ACTIVITY: Both ends included, restate word for word the lines from the first line of the listing through the line containing "Schönes, helles Ferienhaus". Leave the pictures out.

AVAILABLE DATA:
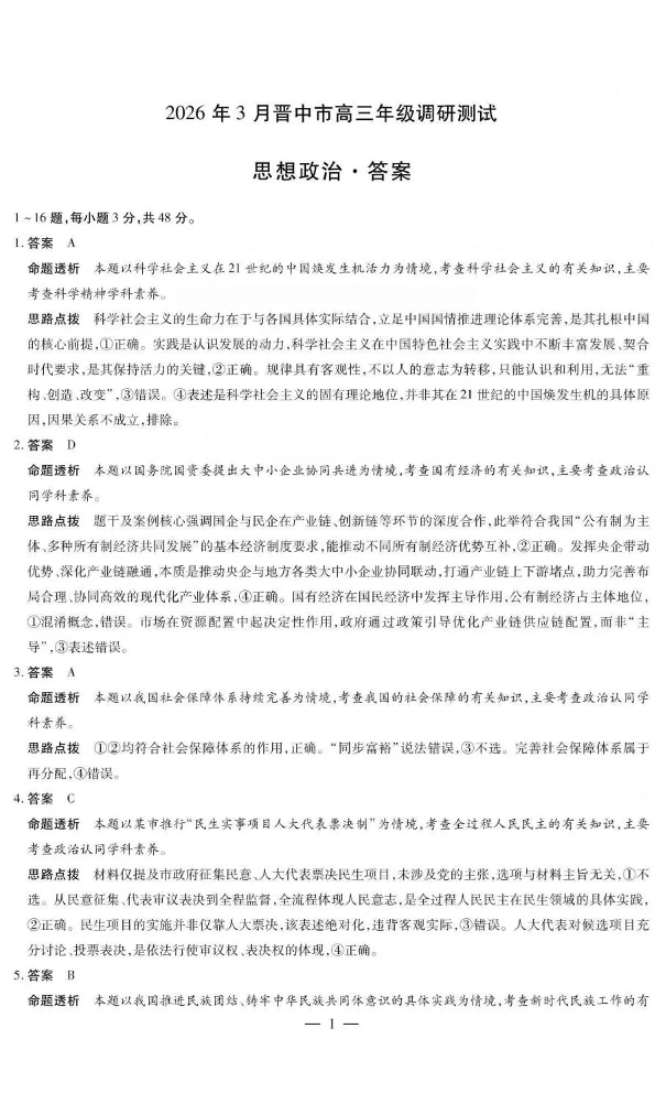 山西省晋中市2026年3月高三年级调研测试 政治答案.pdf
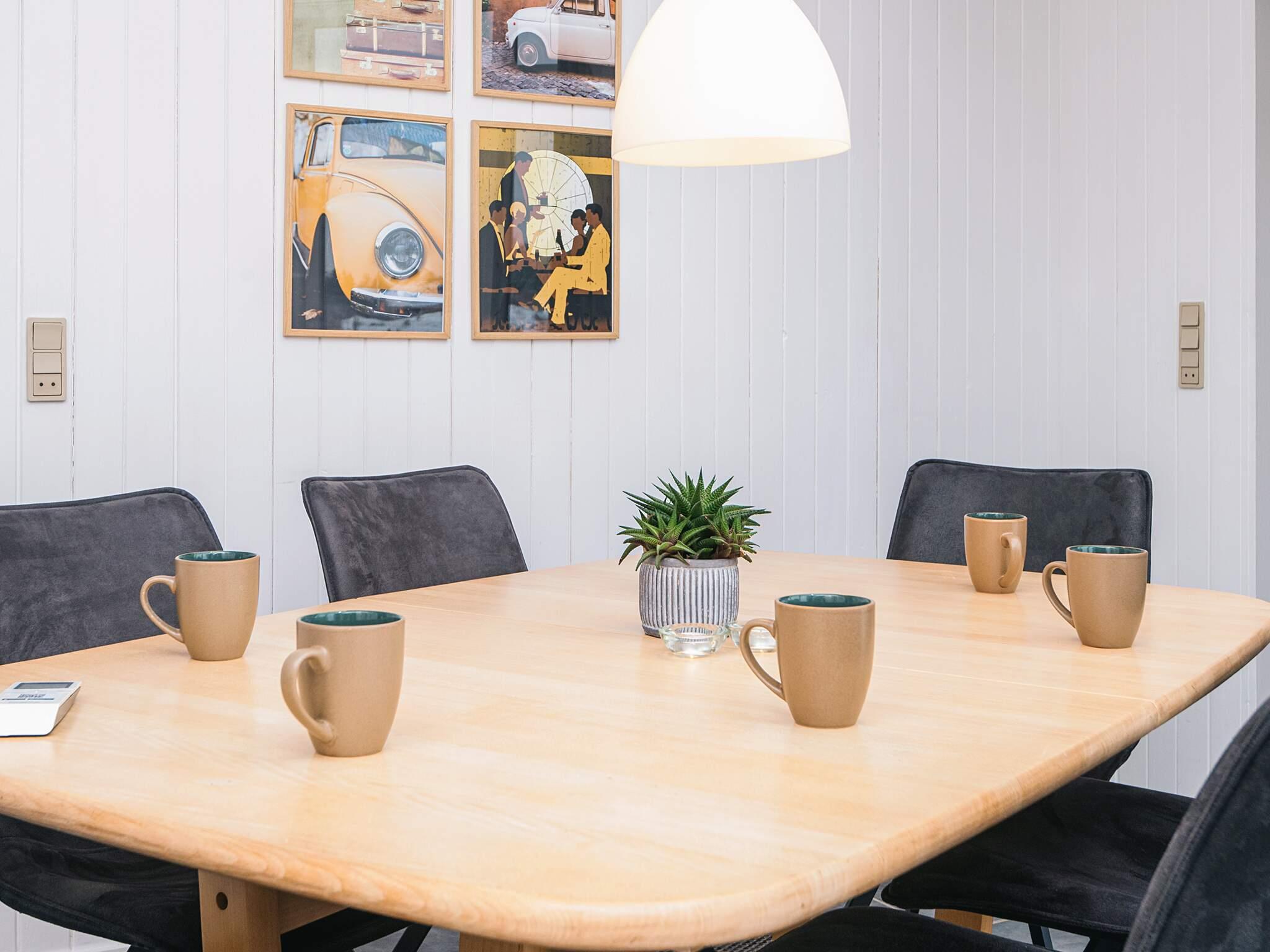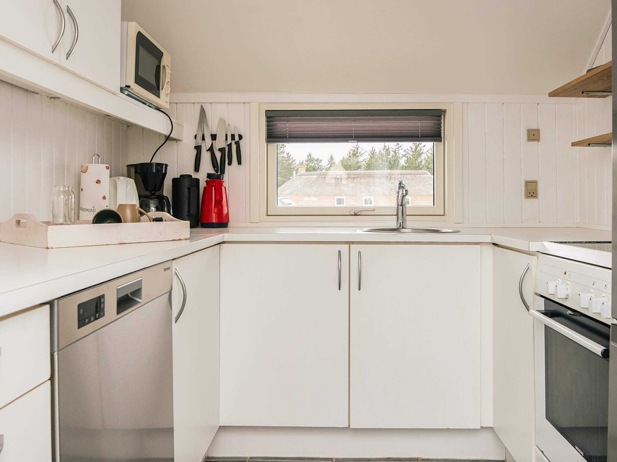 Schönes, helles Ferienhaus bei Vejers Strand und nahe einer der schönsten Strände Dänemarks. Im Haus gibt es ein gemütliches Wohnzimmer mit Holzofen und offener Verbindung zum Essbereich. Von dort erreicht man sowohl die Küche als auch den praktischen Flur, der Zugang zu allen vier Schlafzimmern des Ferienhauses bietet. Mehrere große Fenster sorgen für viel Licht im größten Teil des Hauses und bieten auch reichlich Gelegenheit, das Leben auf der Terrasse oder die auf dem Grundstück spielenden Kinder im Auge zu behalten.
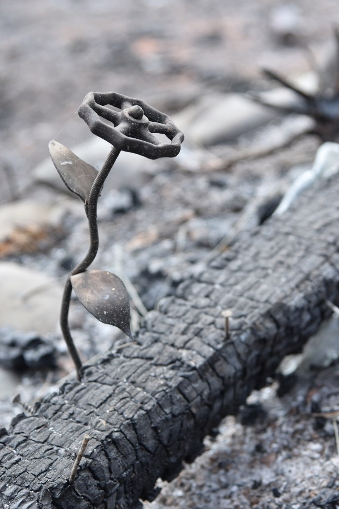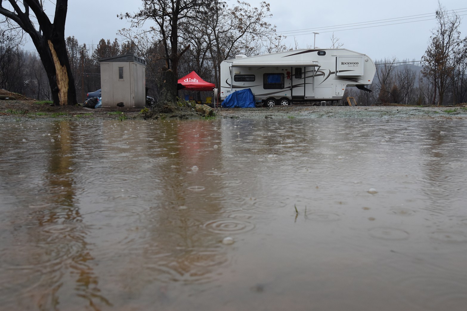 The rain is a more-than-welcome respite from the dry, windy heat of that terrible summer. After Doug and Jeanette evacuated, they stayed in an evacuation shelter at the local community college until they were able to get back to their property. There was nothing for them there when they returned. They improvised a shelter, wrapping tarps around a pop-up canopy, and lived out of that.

COMPLETED TASK:
 山西省晋中市2026年3月高三年级调研测试 政治答案.pdf
 Schönes, helles Ferienhaus bei Vejers Strand und nahe einer der schönsten Strände Dänemarks. Im Haus gibt es ein gemütliches Wohnzimmer mit Holzofen und offener Verbindung zum Essbereich. Von dort erreicht man sowohl die Küche als auch den praktischen Flur, der Zugang zu allen vier Schlafzimmern des Ferienhauses bietet. Mehrere große Fenster sorgen für viel Licht im größten Teil des Hauses und bieten auch reichlich Gelegenheit, das Leben auf der Terrasse oder die auf dem Grundstück spielenden Kinder im Auge zu behalten.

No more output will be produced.